Rebecca Zucker | Next Step Partners

Thoughts from Rebecca Zucker | San Francisco
Some of the best leaders I have seen in my work as an executive coach are low ego. They are able to put their own ego aside to take a stand to do what’s right — for the customer, the team, the organization or even for their entire industry and their larger communities. They do the right thing, even when it’s not the popular thing to do or when it may not serve them personally.

Strong leaders don’t just lead by rhetoric, they lead by positive example. When others go low, they go high. They stand up for the values they hold dear. In doing so, leaders set the norm for their teams, organizations and others who look up to them. Many leaders forget or lose sight of the power that comes with their position and the effect that it has on others, for better or for worse. The racist, xenophobic and misogynistic messages and behaviors have been normalized and legitimized by our new President-elect, and have tragically resulted in hundreds of hate crimes across the country.

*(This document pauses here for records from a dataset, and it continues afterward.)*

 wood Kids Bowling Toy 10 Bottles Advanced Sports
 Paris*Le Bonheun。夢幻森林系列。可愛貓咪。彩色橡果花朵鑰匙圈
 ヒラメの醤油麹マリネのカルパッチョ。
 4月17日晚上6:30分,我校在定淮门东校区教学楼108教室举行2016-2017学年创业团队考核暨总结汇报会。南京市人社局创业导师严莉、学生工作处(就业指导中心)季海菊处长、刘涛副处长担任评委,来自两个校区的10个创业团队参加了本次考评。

Strong leaders take a stand and speak up against hate and injustice. Click To Tweet

Strong leaders also take a stand and speak up against hate and injustice, and care about their people. The swift public statement made by both the President and Provost of the University of Pennsylvania condemning a recent racist message received by Black freshman students is an example of such leadership. I have also seen some of my clients show tremendous leadership by standing up against injustices when they’ve seen them, such as pay inequity and other forms of discrimination, and I applaud them for doing so. The times require this from more leaders, more of the time.

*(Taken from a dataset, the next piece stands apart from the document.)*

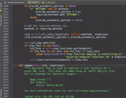 python是解释性语言,不需要反编译就可以看到源代码,利于查找bug。在找bug的时候,最重要的是定位bug的位置,比较直观的bug是通过阅读异常可以定位到bug的位置。而有的异常信息,例如:AttributeError: 'NoneType' object has no attribute 'get' 会让你觉得很费解,因为你本以为这个肯定有值,怎么就是None了呢?这个时候,你可以在异常定位的位置前面,把这个object的值打印出来,重新调试。察看这个值到底是什么,然后一步步的向上找到,是什么地方操作了这个对象使得它的值为None,造成了这个异常(当然也可以使用通过ide调试模式进行排查,本文重点是阅读代码,所以就不介绍 打断点决解bug的方法 了)。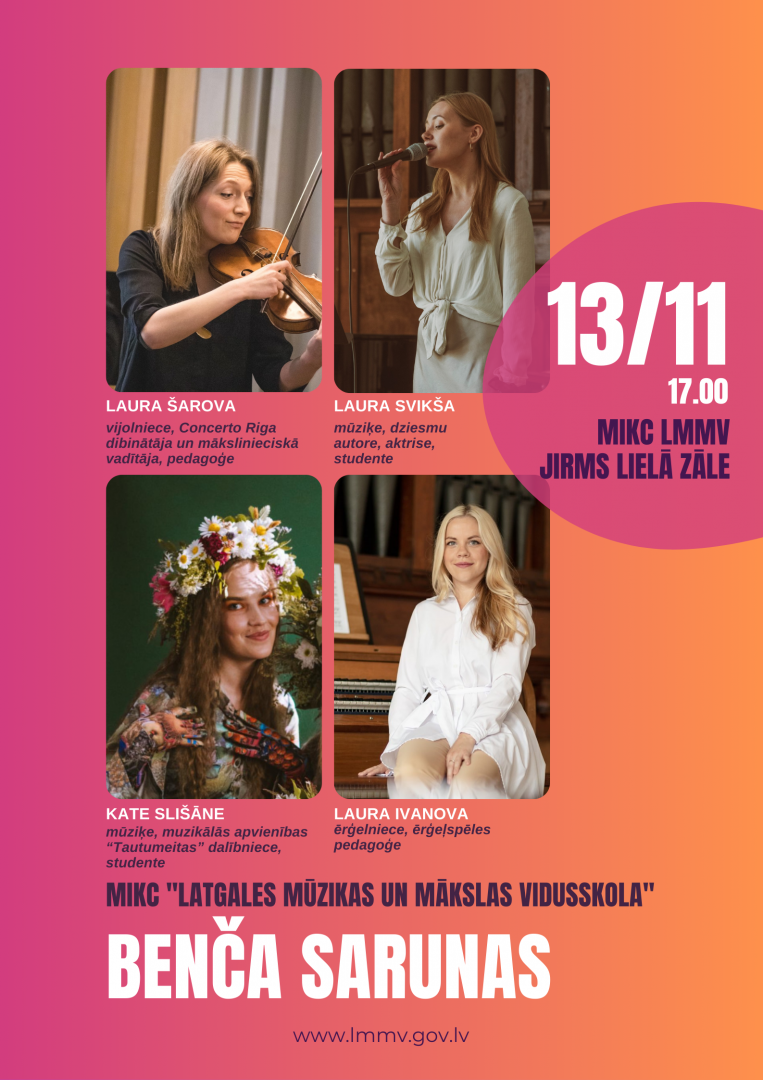 Pēc koncerta visus interesentus aicināsim uzkavēties un piedalīties sarunu vakarā “Benča sarunas”. Vakara galvenie viesi, kā ierasts, būs mūsu pašu JIRMS absolventi: IP Mūzika – Tradicionālā mūzika parstāve, mūziķe Kate Slišāne, IP Mūzika – Džeza un mūsdienu ritma mūzika pārstāve, džeza vokāliste Laura Svikša, IP Stīgu instrumentu spēle pārstāve, vijolniece Laura Šarova un IP Taustiņinstrumentu spēle pārstāve, ērģelniece un JIRMS ērģeļspēles pedagoģe Laura Ivanova. Ar katru no sarunu vakara galvenajām varonēm sīkāk iepazīstināsim vakara gaitā, un visiem dalībniekiem arī būs iespēja uzdot savus jautājumus. Atzīmēsim vien to, ka katra no varonēm ir spilgta personība, katrai no viņām ir savs interesantais stāsts, pieredze un skatījums uz to, kā mūzikas mākslas apgūšana ir ietekmējusi viņu dzīvi un turpmāko profesionālās karjeras attīstību. Būs patiesi vērtīgi un iedvesmojoši!

The Best Leaders Take Action

Michael Melcher | Next Step Partners

Thoughts from Michael Melcher | New York
Leadership doesn’t wait for certainty. You can’t know how things will turn out. You take action anyway.

I grew up feeling mismatched for my time; a liberal Democratic who came of age in a conservative geography and in a Republican era. For decades I dabbled in politics here and there, but never felt that I was in the right place at the right time. But this past year I decided to involve myself. I had admired Hillary Clinton for many years and knew that there might not be another chance to elect someone I felt this kind of passion for.

I volunteered as a fundraiser, and quickly discovered how hard it is to raise money, even from strong partisans. I went to events and rallies, which were fun and inspiring but which seemed limited in impact. I did get-out-the-vote with my toddler sons in New Hampshire, which is painstaking, time-intensive work that yields few immediate rewards. I liked being involved, but at the same time I felt that the real political world was, and would always be, beyond my grasp.

Leaders recognize that constructive action is always within everyone’s power. Click To Tweet

But as I went along, I got messages. A woman I had known in high school wrote to me and said that my actions were appreciated more than I could possibly know. After the election, friends from across the country reached out to check how I was feeling—including Republicans, who sent warm greetings. My children’s immigrant nanny hugged me and told me that I done my part and could move on. I learned that my posts had been forwarded, that my thoughts had been thought about, and that my actions had been observed. To my surprise, I had had an impact beyond myself. People seemed to see me as a kind of leader. Maybe I was.

I saw Secretary Clinton a few times in person and the word that always came to my mind was “grounded.” She knew what she stood for and why she was doing what she was doing, and she kept going past every setback. She took action, as did millions of her supporters. And regardless of the results of this particular election, constructive action is always within our power.